The compositions comprising a first, epigenetically-acting agent, and a second chemotherapeutic agent can be administered simultaneously (i.e., simultaneous administration) and/or sequentially (i.e., sequential administration).

The term “simultaneous administration,” as used herein, means that the agents are administered with a time separation of no more than about 15 minute(s), such as no more than about any of 10, 5, or 1 minutes. When the agents are administered simultaneously, they may be contained in the same composition (e.g., a composition comprising both the epigenetically-acting agent and the second chemotherapeutic agent) or in separate compositions (e.g., the epigenetically-acting agent is contained in one composition and the second chemotherapeutic agent is contained in another composition).

In some variations, the epigenetically-acting agent and the second chemotherapeutic agent are administered sequentially. The term “sequential administration” as used herein means that the epigenetically-acting agent and the second chemotherapeutic agent are administered with a time separation of more than about 15 minutes, such as more than about any of 20, 30, 40, 50, 60 or more minutes. Either the epigenetically-acting agent or the second chemotherapeutic agent may be administered first. The epigenetically-acting agent and the second chemotherapeutic agent are contained in separate compositions, which may be contained in the same or different packages.

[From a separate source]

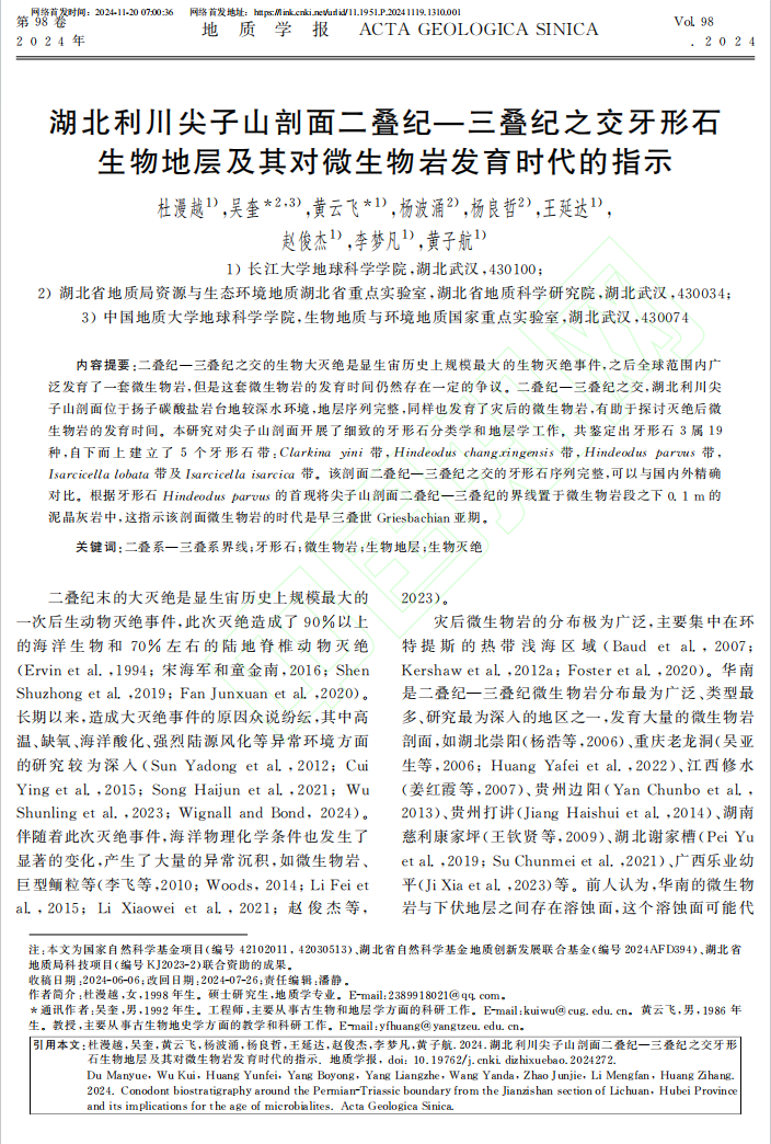 地科学院黄云飞教授团队长期从事古-中生代之交重大地质转折期生物灭绝与生物复苏方面的研究,团队成员杜漫越在地质学报EI期刊上发表题为“湖北利川尖子山剖面二叠纪—三叠纪之交牙形石生物地层及其对微生物岩发育时代的指示”的研究论文。伟德国际1949官网为论文第一署名单位,硕士研究生杜漫越为论文第一作者,其导师黄云飞教授与地质科学研究院的吴奎高级工程师为该文通讯作者。

In some variations, the administration of the epigenetically-acting agent and the second chemotherapeutic agent are concurrent, i.e., the administration period of the epigenetically-acting agent and the second chemotherapeutic agent overlap with each other. In some variations, the administration of the epigenetically-acting agent and the second chemotherapeutic agent are non-concurrent. For example, in some variations, the administration of epigenetically-acting agent is terminated before the second chemotherapeutic agent is administered. In some variations, the administration of the second chemotherapeutic agent is terminated before the epigenetically-acting agent is administered. The time period between these two non-concurrent administrations can range from about two to eight weeks, such as about four weeks.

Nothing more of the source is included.